The president of American non- profit, the Colorado Coalition for the Homeless (CCH), John Parvensky recently snapped up the 139-room complex for $8.4 million, to help secure the living conditions for the homeless. Fusion Studio is now serving a variety of people in need and represents the 17th building he has opened in 3 decades of work. Rooms are expected to be available for the people who come right in off the street or from shelters across the city, as soon as the end of the month.
For renters, vouchers can be secured by prospective tenants from the state and city to ensure that no more than 30% is required from their incomes for rent.

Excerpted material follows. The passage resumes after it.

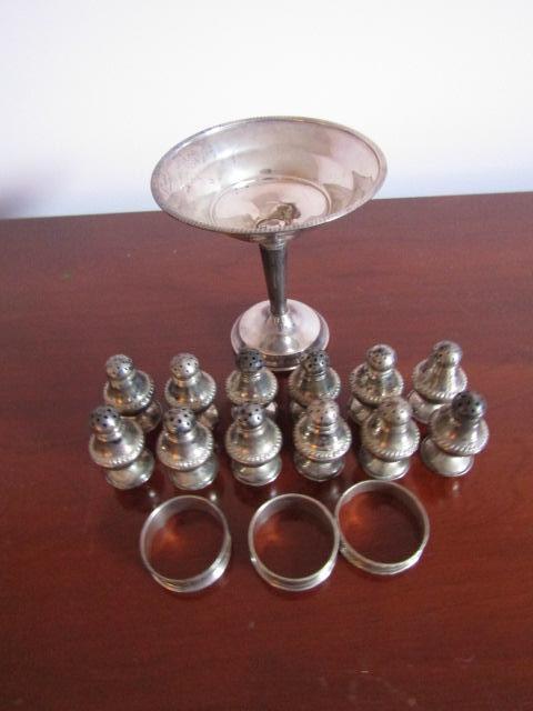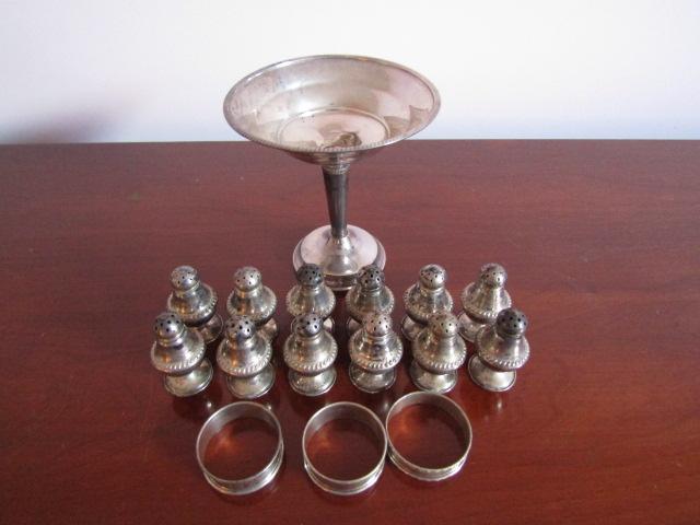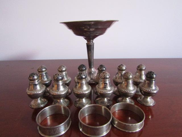 Collection of .925 and Weighted Sterling Pieces salt shakers and napkin rings are .925. sterling

Parvensky said on average, tenants can manage about $100 a month, with a lot of it coming from other benefits such as disability payments receive
The floor and room plan is divided up by a person’s circumstances rather than by size and luxury. 28 rooms will be set aside for those awaiting trial for low-level crimes like public urination and trespassing. Another 10 are reserved for homeless folks who find themselves frequenting Denver Public Hospitals.
For individuals looking to move on to other forms of affordable and permanent housing or who have housing currently being constructed for them, another 25 rooms have been set aside. Britta Fisher, head of Denver’s housing department called Fusion Studios “practically instant housing”.
“We all know that we need more housing units, that we need them quickly,” she told Denverite during Tuesday’s opening ceremony. “I truly hope we can replicate this model and partnerships at other sites in Denver.”